— Read on www.youtube.com/watch
Looking back at his career now he has gone makes his life seem complete.
When Mary Oliver died last January I had the same feeling. The knot is tied.
They both looked forward John Baldessari said he waited to become bored that would make him work.
Mary Oliver Looked to the positive, she walks and writes. She gleans.
Different but both work for me.
Mary Oliver felt that a poem shouldn’t be complicated or it would not work. That was your job- make it accessible, simple and without artifice.
Baldessari talks about ”games”. He talks about the viewer. He talks about making it interesting. He also talks about feedback which has been a big positive surprise this year I have realised don’t like to talk about my work but do want to see what others think and about it what it gives to them- I so preferred the silent crit. Mark Bradford explained about how he wants to inspire questions and thoughts.

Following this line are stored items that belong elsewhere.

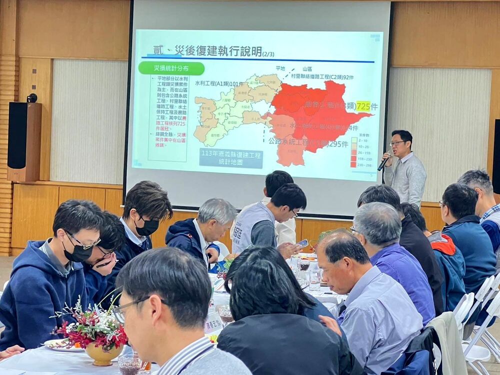 簡報指出,今年災害特別多且集中於下半年度,目前多數工程正辦理設計或發包作業。陳政委表示,除應加速推進採購發包進程外,可由縣府出面協調,加以整合各鄉鎮公所資源,以提升執行效率,早日復原地方公共基礎設施功能,協助居民恢復交通運輸,才能活絡地方產業與觀光。
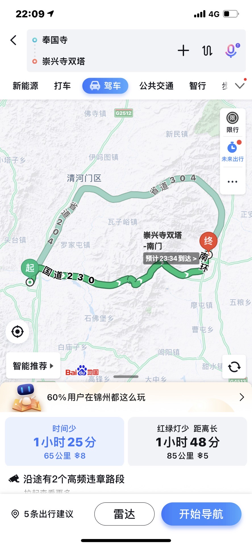 【路线】:义县至北镇市距离65公里,行驶1小时30分钟,不建议走这条路,中间要翻越医巫闾山,全是盘山公路,路况不好。最好是从锦州到北镇往返,全程高速公路,这就是外地人初次来不了解情况。
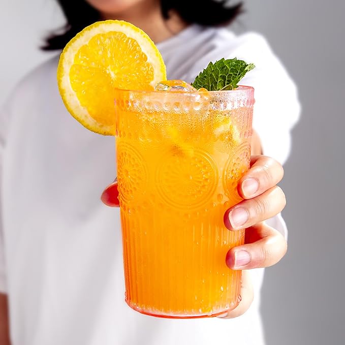 - UNIQUE AND VINTAGE DESIGN: The retro flavor makes this romantic plastic water glasses beautiful and unique. Our vintage plastic drinking glasses are embossed designed with 12 plastic vintage glasses for your favorite juice and cocktail drinks. The plastic drinking glasses have been designed to fit any kind of tableware.
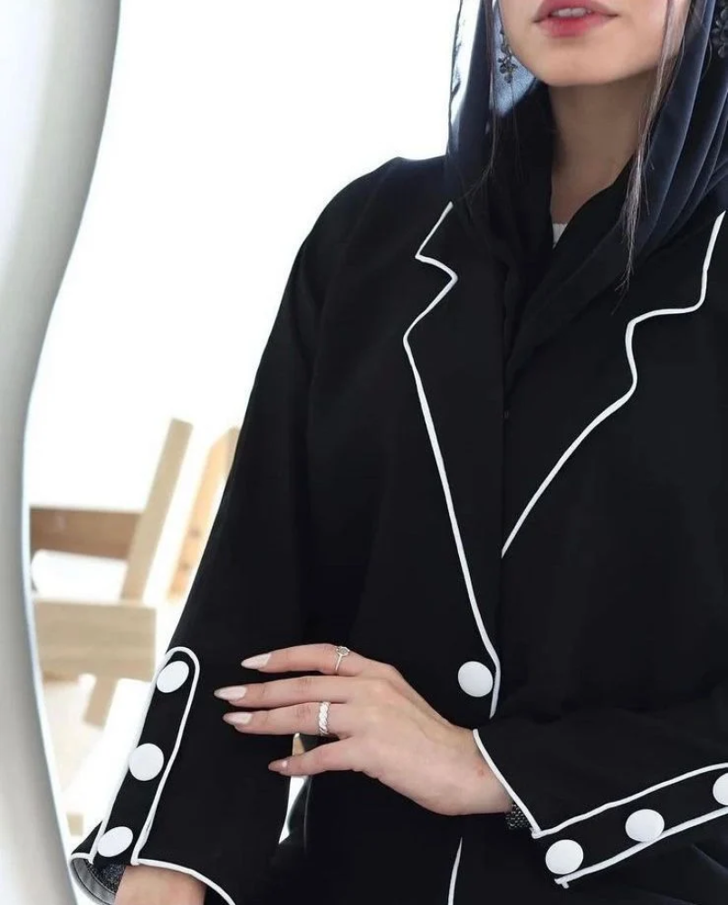 - كما تميزت العباية بإضافة أزرار بيضاء علي الأكمام والعباية تضفي تباينًا جذابًا يبرز جمال التصميم.
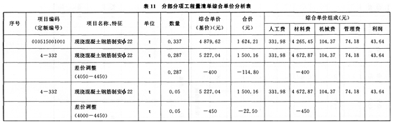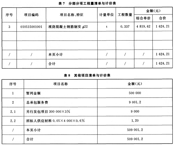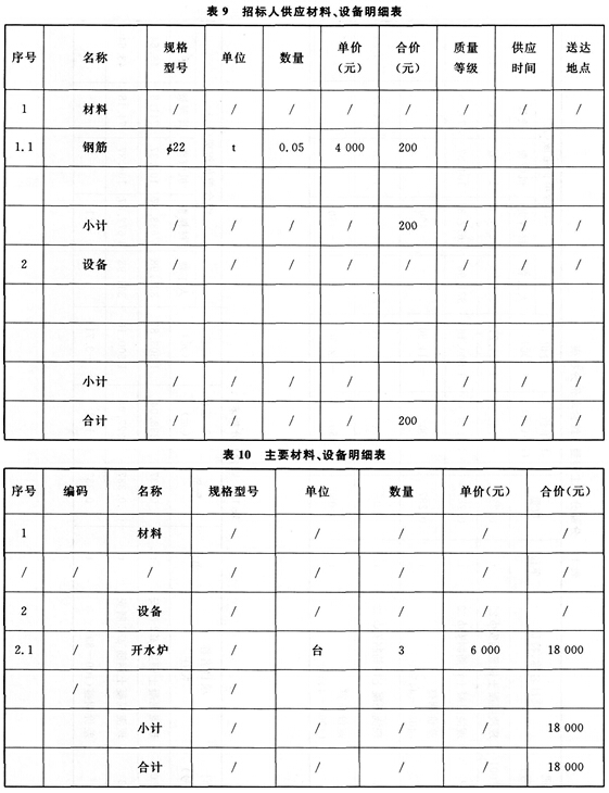 1.招标人供应φ22钢筋50k9,统一按4000元/t计算;余下的钢筋由承包人购买,承包人按4050元/t报价。
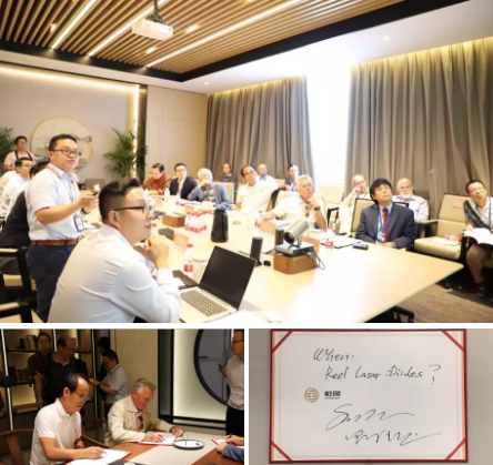 不谋全局者不足以谋一域。乾照光电积极构筑制造业总部,大力布局化合物半导体领域前沿项目。在厦门、南昌、扬州布局蓝绿光LED外延片和芯片、砷化镓新型太阳能电池、3D感测激光VCSEL芯片、Mini LED和MicroLED芯片规模化量产等前沿产业项目。中村教授对乾照光电未来的规划表示赞赏,他说,乾照光电已经拥有了全色系的LED产品,这是很大的优势,相信公司一定会有很好的前景,同时也勉励乾照光电年青的科研团队要“Stay hungry”(保持对知识的渴望)。中村教授离开公司前,写下了 “When Red Laser Diodes?”的寄语,激励乾照光电要始终走在产业的最前沿。
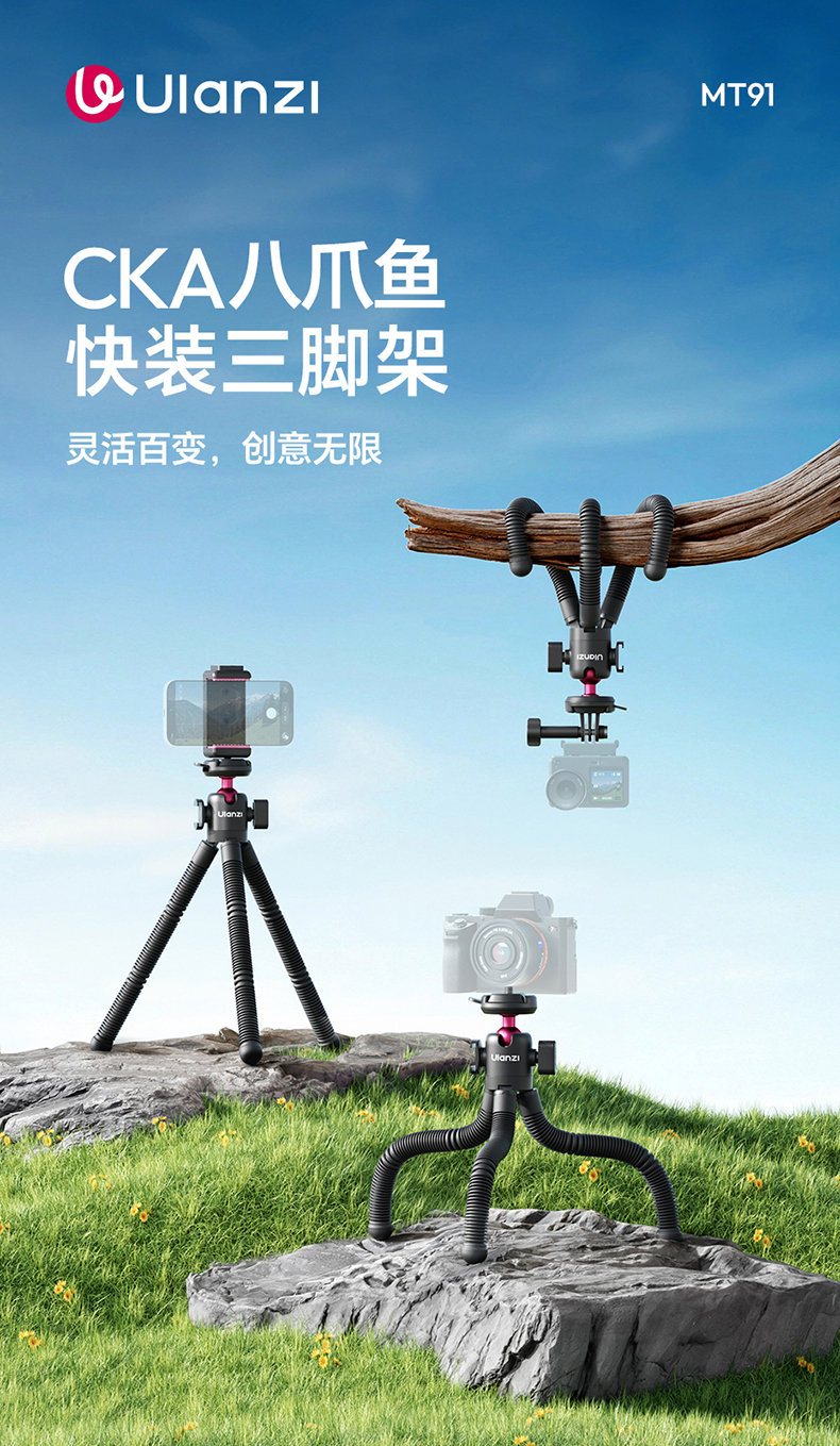Ulanzi优篮子 MT91 Cka快装八爪鱼三脚架拍摄支架微单相机通用自拍直播拍照百变懒人支架
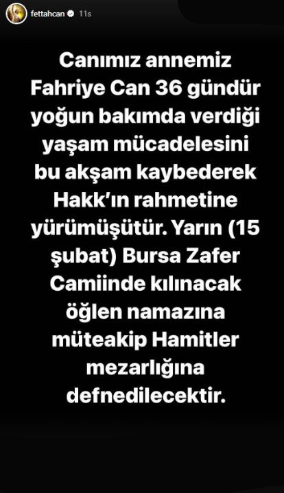 Ünlü şarkıcı Fettah Can bugün hayatının en acı günlerinden biriyle karşı karşıya kaldı. Pek çok şarkısıyla dillerde olan ve özellikle genç kitlenin çok sevdiği şarkıcılardan biri olan Fettah Can bugün sosyal medya hesabından yaptığı paylaşımla annesini kaybettiğini duyurdu. Ünlü şarkıcı paylaşımında “canımız annemiz Fahriye Can, 36 günlük yoğun bakımda verdiği yaşam mücadelesini kaybederek Hakk’ın rahmetine yürümüştür. Bugün Bursa Zafer Camii’nde kılınacak öğlen namazını müteakip, Hamitler mezarlığına defnedilecektir” ifadelerini kullandı. Ünlü ismin bu paylaşımının ardından pek çok seveni ünlü isme taziye mesajlarını iletti. Fettah Can annesini öğlen namazını müteakip kılınan cenaze namazının ardından toprağa verdi. Ünlü ismin tören sırasında oldukça üzgün olduğu görüldü.
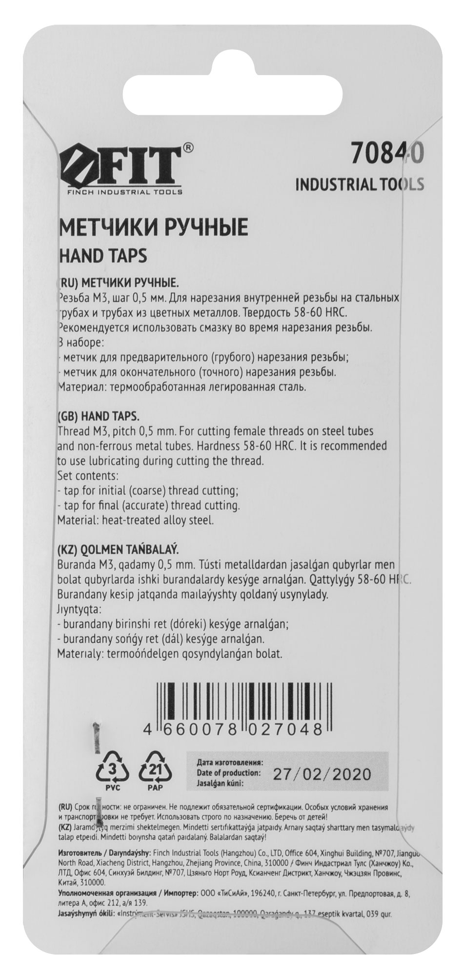 Набор 2 шт. (грубая и точная резьба). Для нарезания внутренней резьбы на изделиях из стали и цветных металлов. Закалка до HRC 58-60. Материал: легированная сталь. Упаковка: блистер.
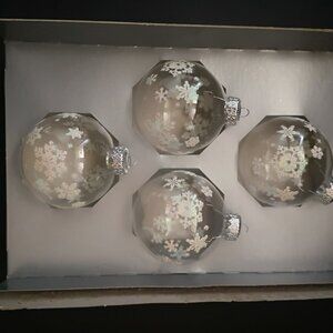 Vintage Alderbrook Accents Set of 4 Glass Ornaments with Iridescent Snowflakes
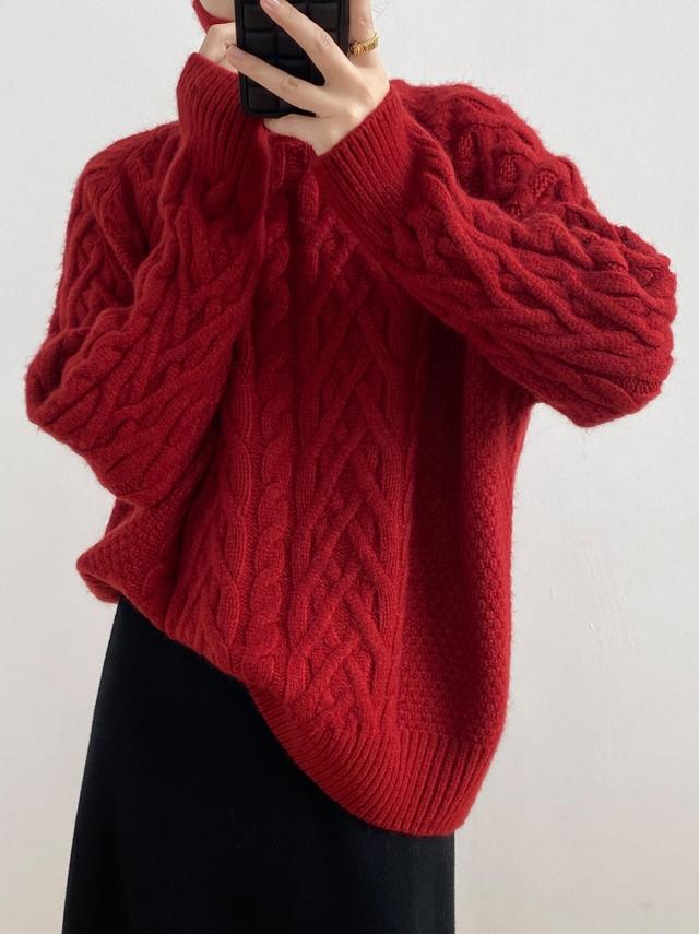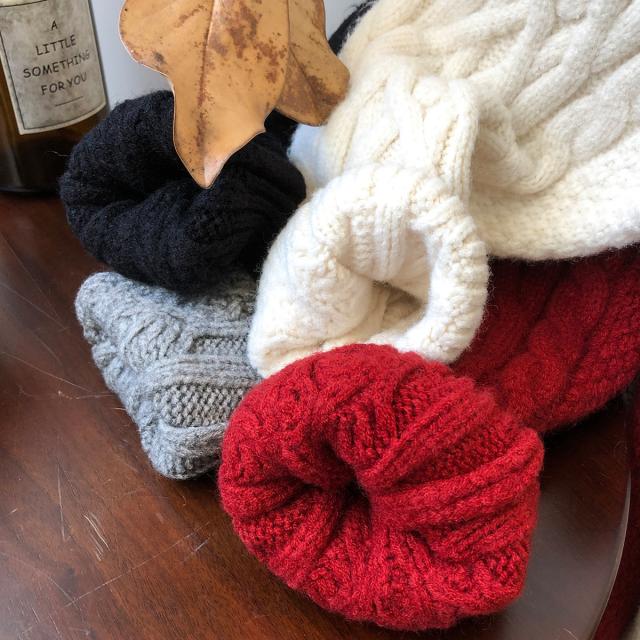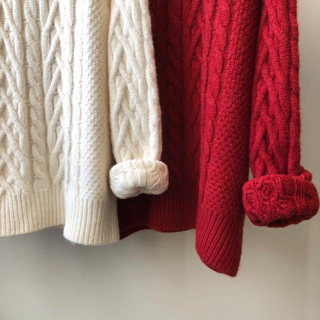 ベーシックカラーとレッドカラーのざっくり厚手ニットで

I think the audience is something that keeps the work alive or what’s the point?
I discussed this last year in a tutorial with Dan Coombs. We wondered why I wanted to return to Colledge what could I not do by myself in my studio. There were much easier ways of getting a qualification and paying the ’electric light bulb bills’ as Mark Bradford likes to call it. I had just been offered two jobs that I could have just gone on the way I was. We talked about what I found boring about my process why I was not happy with simply objectively painting what was sitting in front of me.
From my notes – Engaging the audience with something beyond logical comprehension. Would love to I replied. Magical elements we’re something I couldn’t give up. I feel there are connections between everything and I wish to make them visible in some way.
E. my tutor pointed out how much I engaged with my studio cohorts and just how important they had become to me, not just because they were wonderful.
It is a game of sorts and John Baldessari discusses the game.
In 1970 in a dramatic piece of performance art titled The Cremation Project he burned every painting he had made between 1953 and 1966 and baked the ashes into cookies that he displayed at the Museum of Modern Art in New York’s 1970 Conceptual art survey, “Information.”
He rejected what he had been taught, he felt called to push the bounds of art.
He counts Giotto, Goya, and Henri Matisse among his favourite artists.